Dáil debates

Wednesday, 13 December 2006

Social Welfare Bill 2006: Committee and Remaining Stages

 

5:00 pm

Photo of Willie PenroseWillie Penrose (Westmeath, Labour)

The Department has some of the best officials in the public service. We have paid tribute to them previously and I pay tribute to them again. We get a great service from them. There is greater ingenuity in his Department in terms of seeing issues from a different perspective than in many others. The Department officials would see the benefit of this move.

Often the waiver schemes applicable to two persons living within a quarter of a mile of each other are different because they are administered by different local authorities. Some local authorities provide a waiver system and some do not, while others provide a tag system where a person is entitled to a number of free bin tags.

The Department is probably one of the best innovators in the administration of schemes. I suppose the Department administers hundreds of schemes, far more than any other Department. I realise the Minister would say that his officials are loaded down with consolidating Social Welfare Acts, to which we add every year, and with matters such as the Citizens Information Bill. It takes the Department a long time to get to the bottom of all that work. The Department's officials should be paid additional moneys for all the work they do in what is one of the more difficult areas because every day we find an issue, land it on their desk and ask them to use their discretion to deal with it as best they can.

Someone must tackle this issue eventually. If I recall correctly the presentation made at the Joint Committee on Social and Family Affairs, officials from the Department of the Environment, Heritage and Local Government met officials from the Department of Social and Family Affairs. The officials from the Department of the Environment, Heritage and Local Government stated that it is up to each local authority to administer the system. That is no use. If pensioners are not gaining the benefit of a waiver, some of the few bob the Minister passes on to them is being subsumed back into the system while their neighbours across a local authority boundary a couple of hundred yards away, or on the far side of the road, may be eligible for a waiver. What is important is the uniformity of the principle of a waiver system which takes cognisance of people's income, particularly those who are dependent on social welfare to meet their basic necessities of life.

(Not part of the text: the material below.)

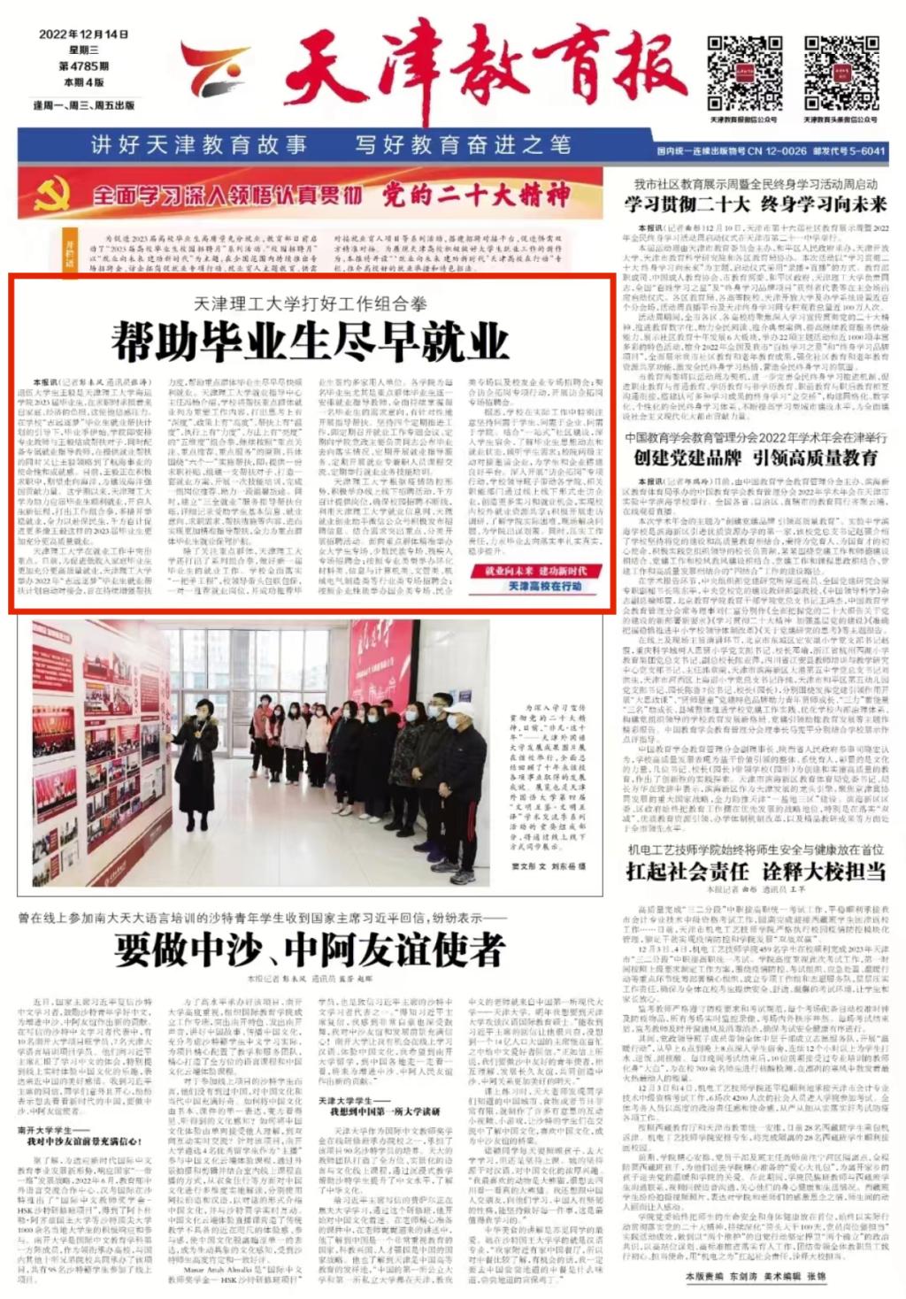 12月14日,《天津教育报》在头版“‘就业向未来 建功新时代’天津高校在行动”专栏,开栏首篇报道米兰打好工作组合拳,助力应届毕业生高质量充分就业的有力举措和特色招法,内容如下:

The Minister and his Department work extremely hard in that area, but it is not beyond the officials' ingenuity to draw up a solution. Obviously, it would involve a little joined up thinking between the Minister's Department and the Department of the Environment, Heritage and Local Government, and the representative managers' association representing the local authorities.

We, in County Westmeath, have a fairly good waiver system where those eligible get a number of free bin tags. The tag achieves another objective because the more one recycles, the less refuse one must put out for collection. If one is good at recycling, the tags might be almost sufficient to cover the year's collection. There is an in-built incentive to act properly, taking cognisance of the environmental concern to reduce, reuse and recycle, and to achieve a national environmental objective.

This is an important amendment and Deputy Stanton must be saluted for tabling it. I support the idea in principle. While I acknowledge it cannot happen overnight, perhaps it is a matter the Minister could examine. The Minister is giving social welfare recipients what he hopes is enough for them to get by from week to week, but if they must address a cost such as this, it eats into their level of disposable income.